**Instructions for the task**
Repeat, exactly and with no pictures, the lines that run from the beginning of the entries through the line containing "博士音响,功放和DVD导航播放器,前储物柜还有DVD播放机。".

(Stored data)

+ + + + + + +

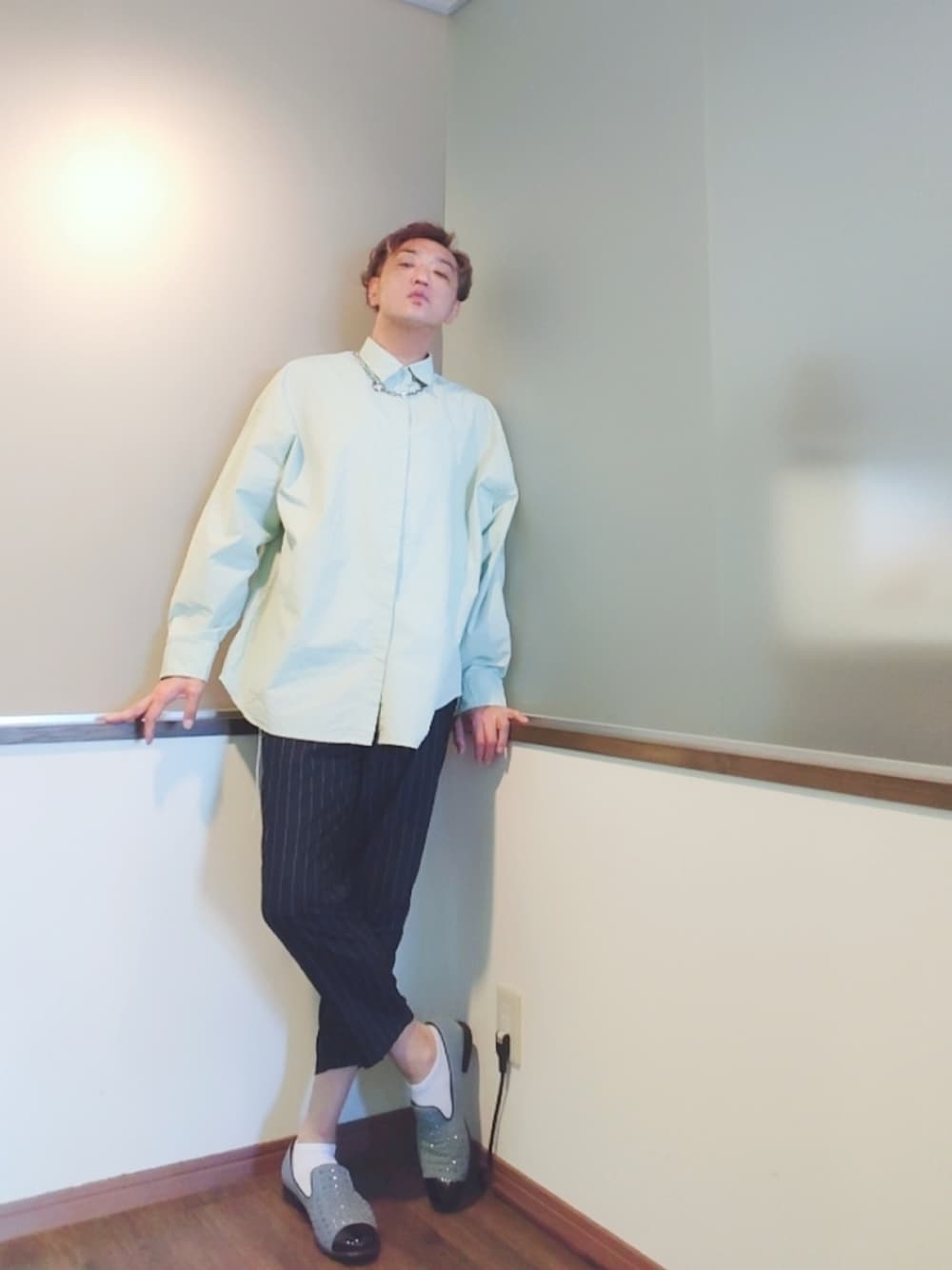 P3のネックレス「CASPER JOHN AIVER オーロラコーティングチェーンネックレス」を使ったコーディネート
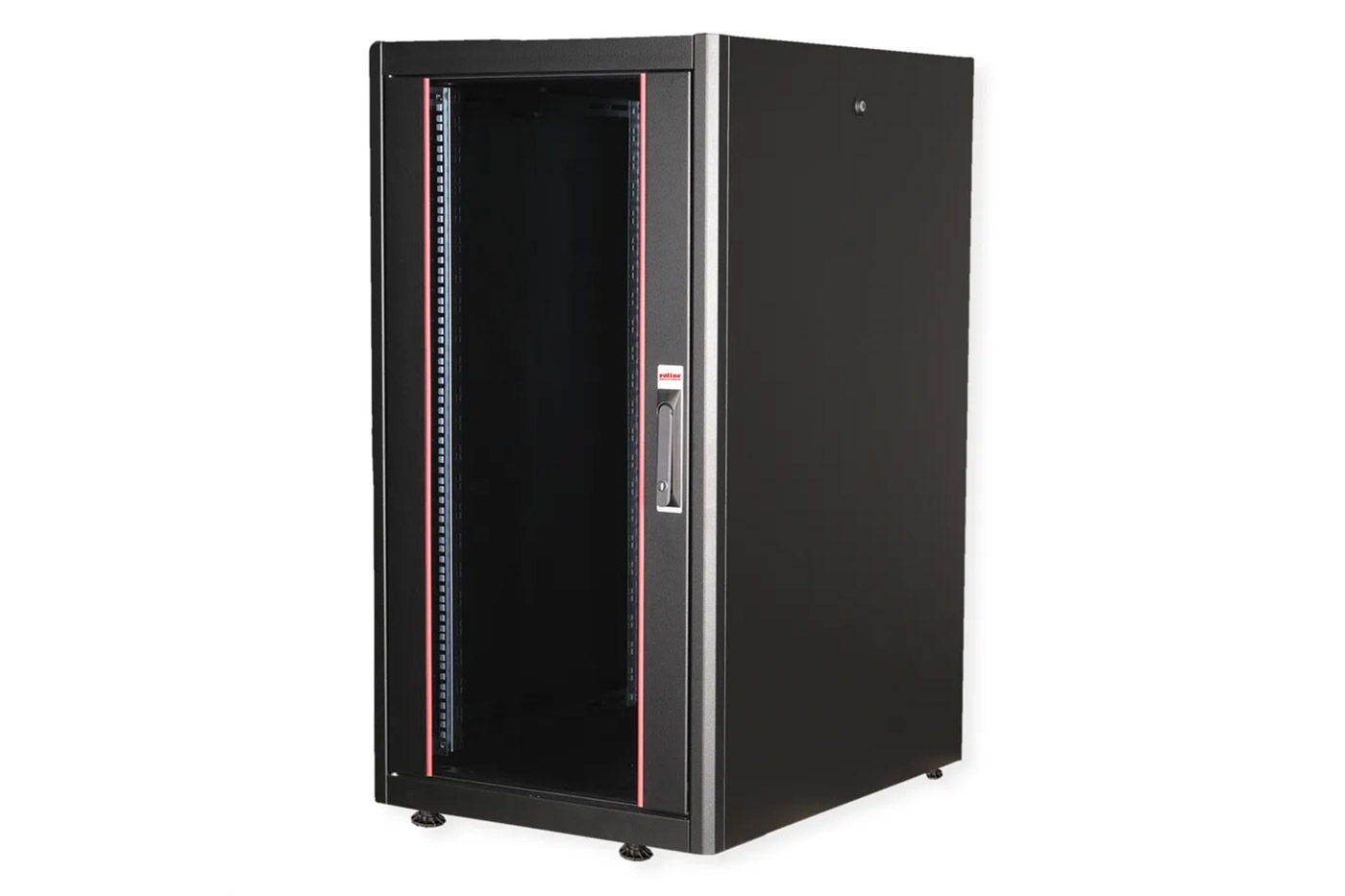 Síťový stojanový rozvaděč 22U řady Basic, 600 x 800mm se skleněnými dveřmi.
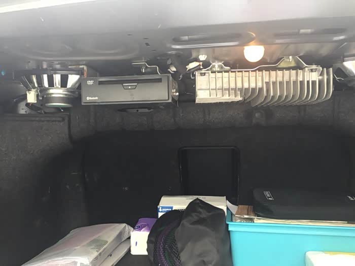 博士音响,功放和DVD导航播放器,前储物柜还有DVD播放机。
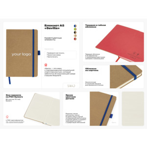 Sevilia от Savio — блокнот с твердой обложкой из крафта, закрывающийся на вертикальную резинку. Для удобства использования предусмотрены ляссе и петелька для ручки, совпадающие по цвету с резинкой. Бумажный блок выполнен из бумаги, полученной из древесины из специальных восполняемых лесных ресурсов, имеет сертификат FSC, международной некоммерческой организации лесного попечительского совета. Линовка — линия, выполнена специальными экочернилами, при изготовлении которых используется меньшее количество энергии. - 80 листов - твердая обложка обеспечивает защиту бумажного блока и прочность конструкции - бумага из восполняемых лесных ресурсов - петелька для ручки - экочернила - ляссе обложки для быстрой навигации
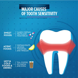 Sensitive teeth pain occurs when your enamel or softer root cementum is worn down or your gum line has receded to expose what is called dentin. Dentin contains cylindrical tubules that run from the center of the tooth (or the “pulp”) where the nerves are located. When the dentin surface is exposed, dentin fluid flows outward from the pulp. If this flow is disrupted by external stimuli (such as hot or cold, sweet or sour foods and drinks) a signal is sent to the nerves which is felt as pain.
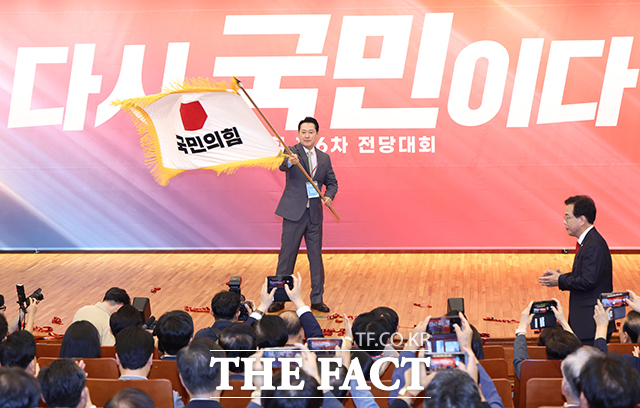 [더팩트ㅣ국회=배정한 기자] 장동혁 국민의힘 신임 당 대표가 26일 오전 서울 여의도 국회 도서관에서 열린 제6차 전당대회 결선에 참석해 당기를 흔들고 있다. hany@tf.co.kr 사진영상기획부 photo@tf.co.kr
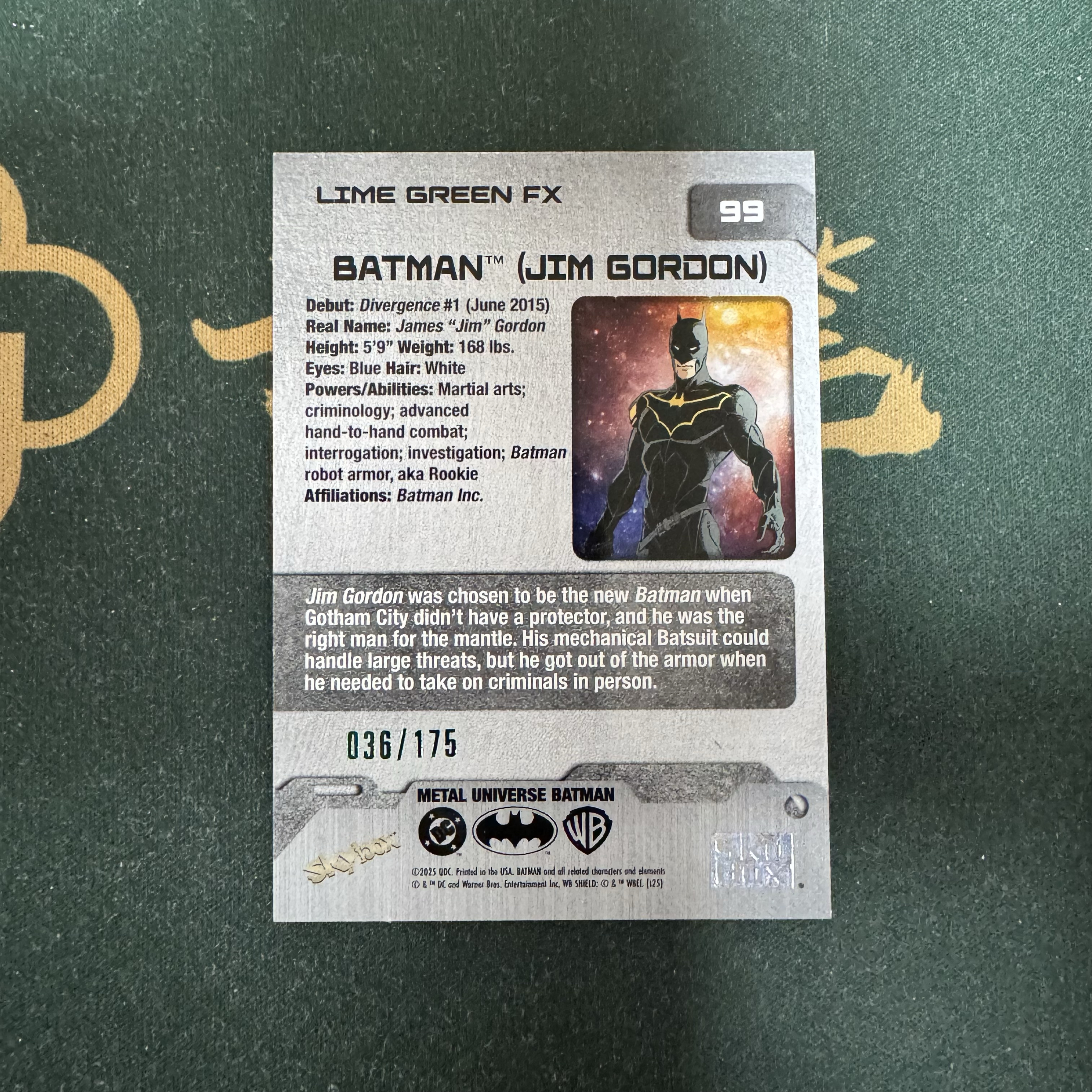 2025 SkyBox Batman 蝙蝠侠 【十三笔】元年DC Metal Universe #99 Batman (Jim Gordon) 蝙蝠侠(吉姆·戈登) 175编 绿平行 卡品如图(YY)
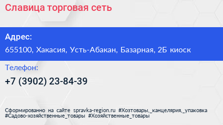 Славица, торговая сеть по адресу 655100, Хакасия, Усть-Абакан, Базарная, 2Б киоск в дальнейшем Организация, размещена в следующих категориях:
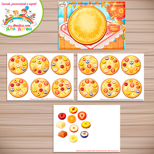 Дидактическая игра на Масленицу для детей «Укрась блинчик по образцу!» — 2 вариант
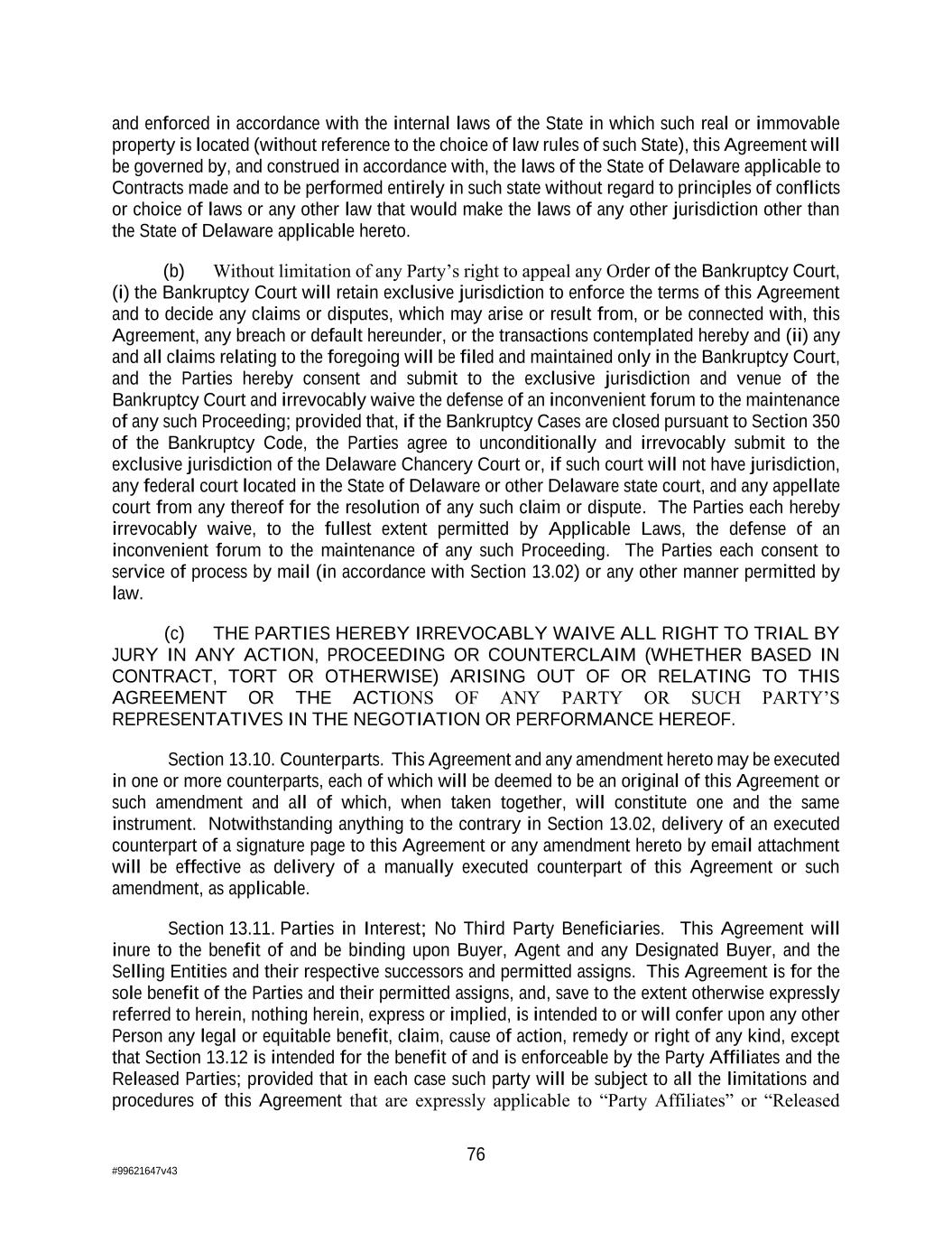 76 #99621647v43 and enforced in accordance with the internal laws of the State in which such real or immovable property is located (without reference to the choice of law rules of such State), this Agreement will be governed by, and construed in accordance with, the laws of the State of Delaware applicable to Contracts made and to be performed entirely in such state without regard to principles of conflicts or choice of laws or any other law that would make the laws of any other jurisdiction other than the State of Delaware applicable hereto. (b) Without limitation of any Party’s right to appeal any Order of the Bankruptcy Court, (i) the Bankruptcy Court will retain exclusive jurisdiction to enforce the terms of this Agreement and to decide any claims or disputes, which may arise or result from, or be connected with, this Agreement, any breach or default hereunder, or the transactions contemplated hereby and (ii) any and all claims relating to the foregoing will be filed and maintained only in the Bankruptcy Court, and the Parties hereby consent and submit to the exclusive jurisdiction and venue of the Bankruptcy Court and irrevocably waive the defense of an inconvenient forum to the maintenance of any such Proceeding; provided that, if the Bankruptcy Cases are closed pursuant to Section 350 of the Bankruptcy Code, the Parties agree to unconditionally and irrevocably submit to the exclusive jurisdiction of the Delaware Chancery Court or, if such court will not have jurisdiction, any federal court located in the State of Delaware or other Delaware state court, and any appellate court from any thereof for the resolution of any such claim or dispute. The Parties each hereby irrevocably waive, to the fullest extent permitted by Applicable Laws, the defense of an inconvenient forum to the maintenance of any such Proceeding. The Parties each consent to service of process by mail (in accordance with Section 13.02) or any other manner permitted by law. (c) THE PARTIES HEREBY IRREVOCABLY WAIVE ALL RIGHT TO TRIAL BY JURY IN ANY ACTION, PROCEEDING OR COUNTERCLAIM (WHETHER BASED IN CONTRACT, TORT OR OTHERWISE) ARISING OUT OF OR RELATING TO THIS AGREEMENT OR THE ACTIONS OF ANY PARTY OR SUCH PARTY’S REPRESENTATIVES IN THE NEGOTIATION OR PERFORMANCE HEREOF. Section 13.10. Counterparts. This Agreement and any amendment hereto may be executed in one or more counterparts, each of which will be deemed to be an original of this Agreement or such amendment and all of which, when taken together, will constitute one and the same instrument. Notwithstanding anything to the contrary in Section 13.02, delivery of an executed counterpart of a signature page to this Agreement or any amendment hereto by email attachment will be effective as delivery of a manually executed counterpart of this Agreement or such amendment, as applicable. Section 13.11. Parties in Interest; No Third Party Beneficiaries. This Agreement will inure to the benefit of and be binding upon Buyer, Agent and any Designated Buyer, and the Selling Entities and their respective successors and permitted assigns. This Agreement is for the sole benefit of the Parties and their permitted assigns, and, save to the extent otherwise expressly referred to herein, nothing herein, express or implied, is intended to or will confer upon any other Person any legal or equitable benefit, claim, cause of action, remedy or right of any kind, except that Section 13.12 is intended for the benefit of and is enforceable by the Party Affiliates and the Released Parties; provided that in each case such party will be subject to all the limitations and procedures of this Agreement that are expressly applicable to “Party Affiliates” or “Released
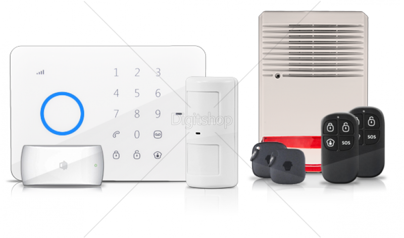 GSM/SMS ALARMNA CENTRALA + RELE IZHOD + RFID ČITALEC KARTIC/KLJUČKOV + PIR SENZOR + MAGNETNI SENZOR + 2 X DALJINSKI UPRAVLJALNIK + NOTRANJA SIRENA
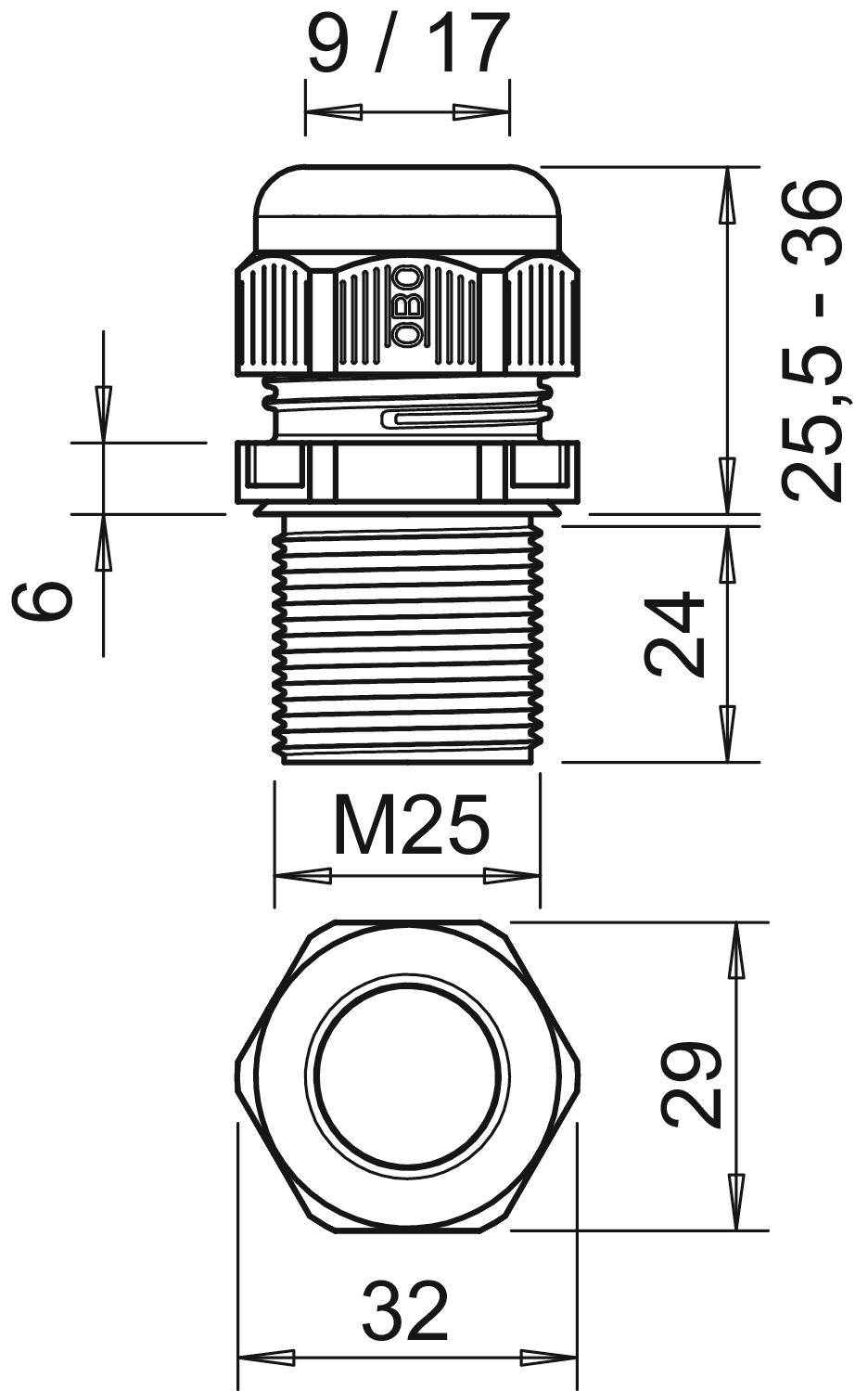 Bend protection no CO2 Footprint (GWP) Cradle-to-Gate 0,0763 kg CO2e / 1 Piece Colour Black Dimension M25 Dimension E 32 mm Dimension L max. 36 mm Dimension L min. 25,5 mm Dimension L1 24 mm Dimension L2 6 mm explosion-proof no Fibre-glass reinforced no Flame-resistant acc. to VDE 0471/DIN 695 Part 2-1, test temperature 650°C Flat cable gland no For Ex zone Without For Ex zone dust Without For Ex zone gas Without Halogen-free yes Hexagonal corner dimension 32 mm Impact-resistant no Material Polyamide Nominal thread size 25 Permitted temperature range, max. 65 °C Permitted temperature range, min. -20 °C Protection rating IP68 Sealing area D, max. 17 mm Sealing area D, min. 9 mm Sealing insert, multiple no Splittable gland no Strain relief option yes Thread M25 x 1,5 Thread increase 1,8 mm Thread length 24 mm Thread type Metric Type of seal Sealing ring Unstable torque 5 Nm Version for Straight WAF 29 With locknut no - All types
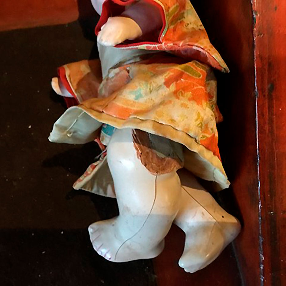 Fin orientalsk dukke i kimono. Ben har reparation.
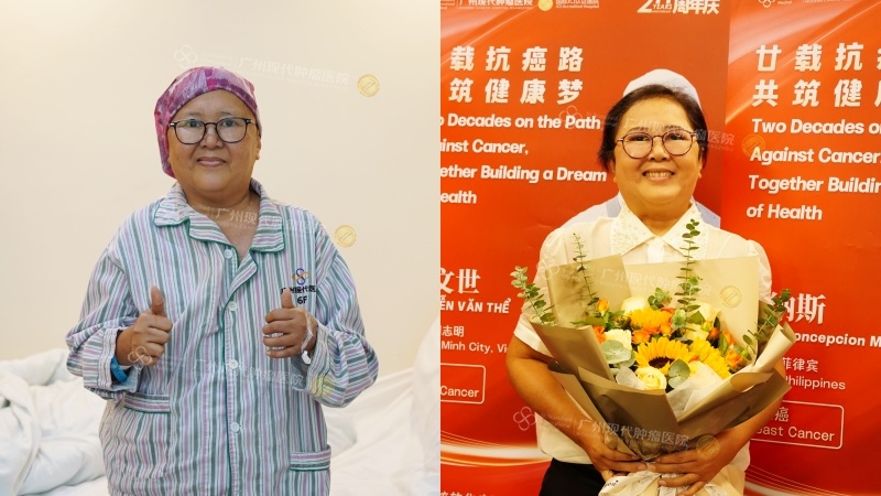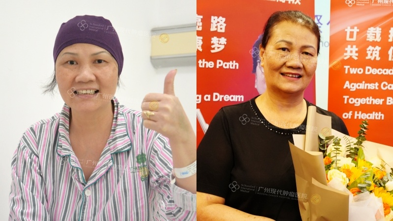 2014年9月,严女士确诊肺癌。在越南当地医院治疗无果后,来到广州现代肿瘤医院,入院检查确诊左肺低分化腺鳞癌,并伴有胸膜及纵膈淋巴结转移。经过整合微创介入治疗,病情明显好转。治疗结束至今,身体一直保持着良好的状态。现已成功抗癌11年。

+ + + + + + +

**Answer space**
 P3のネックレス「CASPER JOHN AIVER オーロラコーティングチェーンネックレス」を使ったコーディネート
 Síťový stojanový rozvaděč 22U řady Basic, 600 x 800mm se skleněnými dveřmi.
 博士音响,功放和DVD导航播放器,前储物柜还有DVD播放机。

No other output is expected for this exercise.